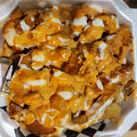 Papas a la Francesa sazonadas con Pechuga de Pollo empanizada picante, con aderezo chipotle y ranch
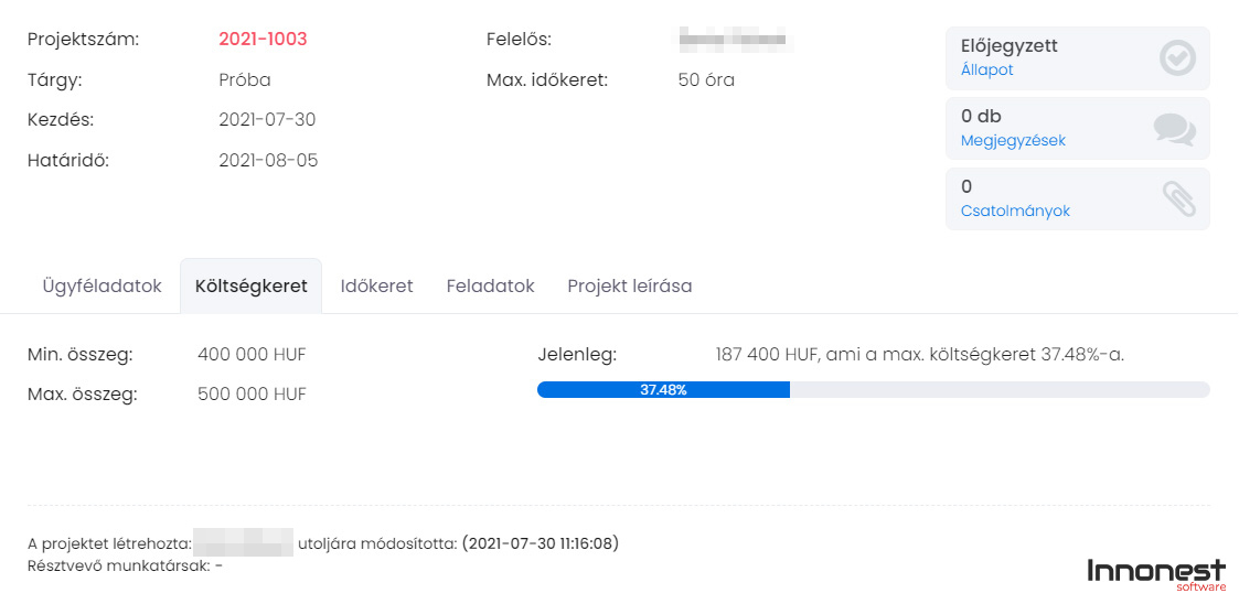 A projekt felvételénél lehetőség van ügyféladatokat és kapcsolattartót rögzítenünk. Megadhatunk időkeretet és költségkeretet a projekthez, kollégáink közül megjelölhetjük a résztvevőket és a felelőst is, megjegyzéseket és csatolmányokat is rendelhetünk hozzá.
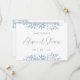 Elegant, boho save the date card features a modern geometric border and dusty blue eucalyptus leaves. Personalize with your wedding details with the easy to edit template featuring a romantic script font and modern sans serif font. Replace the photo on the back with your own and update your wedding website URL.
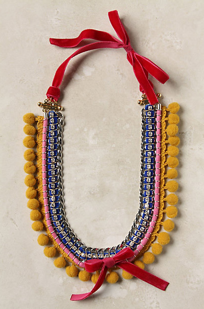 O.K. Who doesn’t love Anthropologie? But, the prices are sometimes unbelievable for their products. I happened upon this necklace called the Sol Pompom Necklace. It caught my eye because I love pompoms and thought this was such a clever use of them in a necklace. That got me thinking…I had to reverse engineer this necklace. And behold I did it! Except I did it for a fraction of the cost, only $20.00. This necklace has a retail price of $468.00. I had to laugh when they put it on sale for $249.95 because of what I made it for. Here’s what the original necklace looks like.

Work to be completed: The answer should contain nothing but the lines from the top of the data above through the line containing "A projekt felvételénél", copied exactly, with no images.

Written solution:
 Papas a la Francesa sazonadas con Pechuga de Pollo empanizada picante, con aderezo chipotle y ranch
 A projekt felvételénél lehetőség van ügyféladatokat és kapcsolattartót rögzítenünk. Megadhatunk időkeretet és költségkeretet a projekthez, kollégáink közül megjelölhetjük a résztvevőket és a felelőst is, megjegyzéseket és csatolmányokat is rendelhetünk hozzá.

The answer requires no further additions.